# Edison Budget Build



## ps3forlife (Apr 13, 2014)

Some pictures of my little basement theater. Only income in a house of 3 so it's what i could on my budget. I love it though. 




Equipment :
Denon avr e300 : Reciever
Polk M70 series 2 : Fronts
Polk Cs2 series 2 : Center
Insignia Bookshelfs : Surround
NXG BAS 500 : Subwoofer
Optoma HD66 : Projector
Chromebox/PS4/Xbox 360 : Media
Soon to be corrected : 100" silver ticket screen , adding a soffit on screen wall to cover the water piping.


----------



## B- one (Jan 13, 2013)

Looks great!


----------



## willis7469 (Jan 31, 2014)

Agreed.

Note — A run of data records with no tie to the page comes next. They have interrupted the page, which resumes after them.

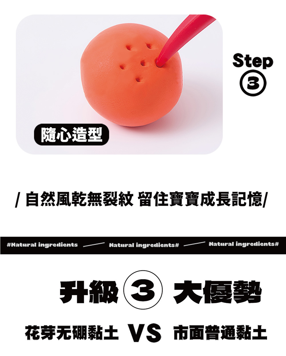 捏扁搓圓 輕鬆造型 :自然風乾無裂紋 留著寶寶成長記憶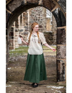 La blusa Amelia presenta un corte sencillo y clásico con mangas hasta el codo y puños con cordones. El escote y los puños cuentan con cintas de raso negro para un toque de elegancia. Además, la blusa tiene dos aberturas a los lados para mayor comodidad de uso y cordones de ajuste en el escote para un ajuste personalizado. Esta blusa puede llevarse con o sin hombros, lo que la hace muy versátil y fácil de combinar con cualquier falda medieval o pantalón. Además, la blusa Amelia se puede lavar en la lavadora a un máximo de 30°, pero se recomienda lavar en el ciclo delicado para mantener el color y la calidad del tejido.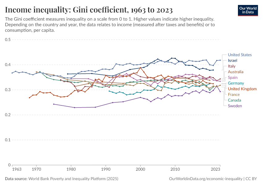“Data Page: Income inequality: Gini coefficient”, part of the following publication: Joe Hasell, Bertha Rohenkohl, Pablo Arriagada, Esteban Ortiz-Ospina, and Max Roser (2023) - “Economic Inequality”. Data adapted from World Bank Poverty and Inequality Platform. Retrieved from https://drop-density-mdim.owid.pages.dev:8789/20260127-114142/grapher/economic-inequality-gini-index.html [online resource] (archived on January 27, 2026).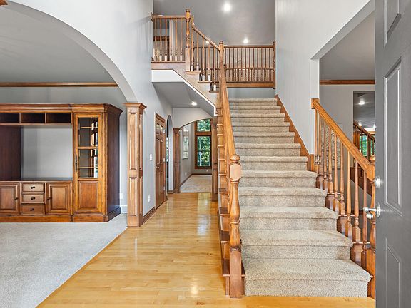 Beautiful 2-Story Estate in Barnard Woods at Thornberry Creek Nestled on a wooded lot, this 6-bedroom, 5-bath masterpiece showcases soaring ceilings, dual staircases with balcony overlooks, and walls of windows surrounding a grand fireplace. Elegant maple cabinetry, flooring, and woodwork pair with Kohler fixtures and detailed ceramics for timeless luxury. The gourmet kitchen, formal dining, office, and guest suite offer versatile living, while the finished lower level includes a 6th bedroom/office and full bath. Brick exterior, zoned heating, and serene wooded views complete this extraordinary home.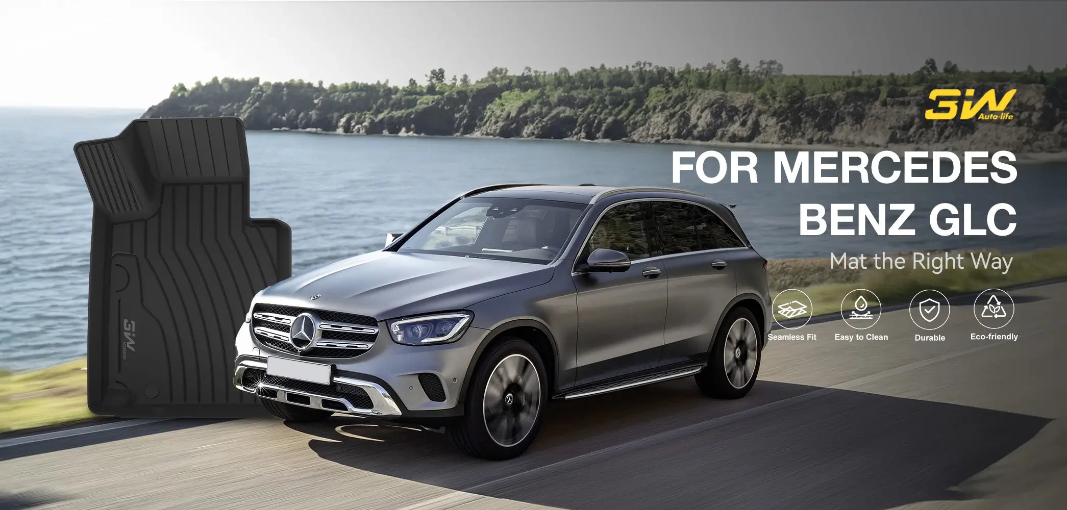 3W Mercedes-Benz GLC 2016-2022 Custom Floor Mats / Trunk Mat TPE Material & All-Weather Protection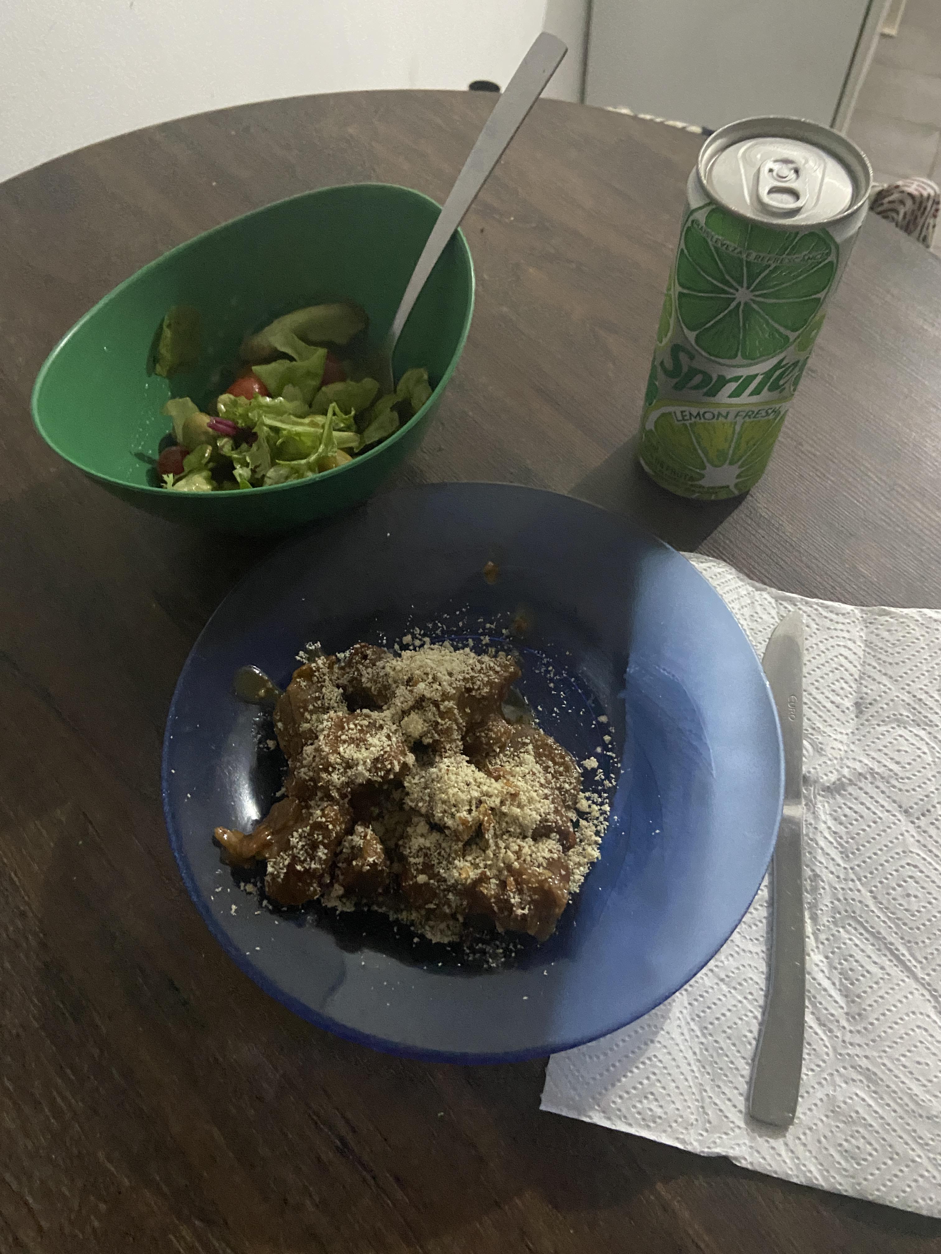 Todos los elementos del plato pertenecen a lo que está disponible en el país. Principalmente, Brasil, como otros países del Cono Sur, tiene muchas granjas ganaderas. Por eso, es común que los brasileños coman mucho bistec. También la mandioca es nativa de esta tierra, comida por miles de años y una parte importante de la cultura brasileña. Aunque no se cultiva mucho en el estado donde estoy —Mato Grosso—, la mandioca se produce en otras partes del país. Dado su tamaño, Brasil puede producir muchos productos agrícolas a nivel nacional. Cuando vivía en Río de Janeiro, conocí la mandioca con otro nombre en portugués: aipim. Esta palabra solamente se usa en Río de Janeiro y el sudeste. También se llama macaxeira en el noreste. Sin embargo, Rondonópolis está ubicada en el centro-oeste, entonces “mandioca” es el nombre apropiado.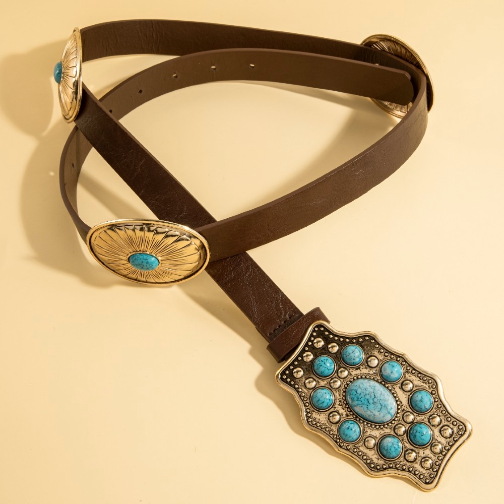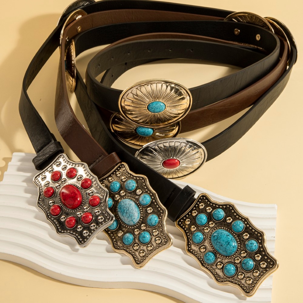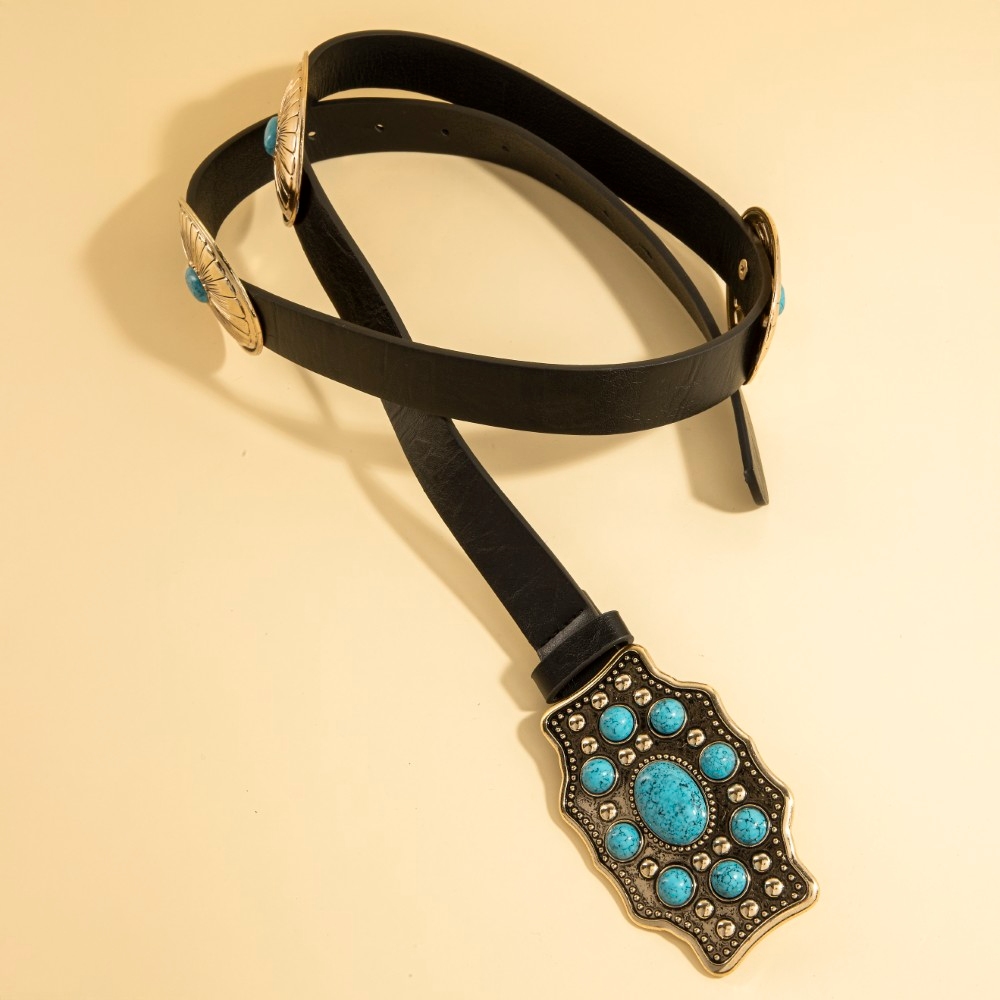 • Stay ahead of the fashion curve, this faux leather belt possesses a fine assorted western concho turquoise stone design. Elevate your personal style effortlessly with this versatile faux leather belt, an essential component for a refined wardrobe. This item is sold in packs of 1.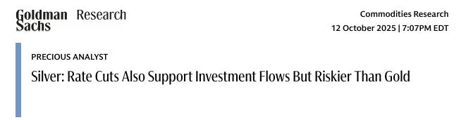 Goldman’s outlook envisions further medium-term gains in silver as Fed easing supports investment inflows, yet with pronounced volatility. Without the stabilizing force of central bank accumulation, silver’s price path will remain dependent on the behavior of ETF investors and the restoration of London liquidity. As we ha e stated several times: The easy money has been made. Now the big money can be made, but with much higher risk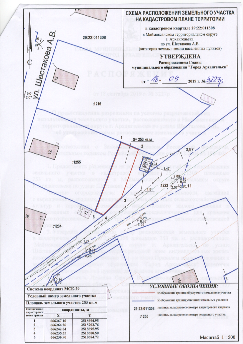 2. Утвердить схему прилагаемую расположения земельного участка в кадастровом квартале 29:22:011308 площадью 253 кв.м, расположенного в Маймаксанском территориальном округе г.Архангельска по улице Шестакова А.В., в границах территориальной зоны индивидуальных жилых домов с приусадебными участками Ж-1 согласно Правилам землепользования и застройки муниципального образования "Город Архангельск" (категория земель – земли населенных пунктов) для ведения огородничества.

Me like. 
Is that FFDP in the screenshot?


----------



## ps3forlife (Apr 13, 2014)

That actually is FFDP. Haha. That's kodi running on the Chromebox


----------



## Owen Bartley (Oct 18, 2006)

That all looks fantastic for a "budget" build! Very well done. The trimmed out built-in equipment rack gives it a really polished feel, and bumps the whole room up a notch in my opinion.


----------



## NBPk402 (Feb 21, 2012)

Looks great! :T:T

I love budget Projection HT rooms.


----------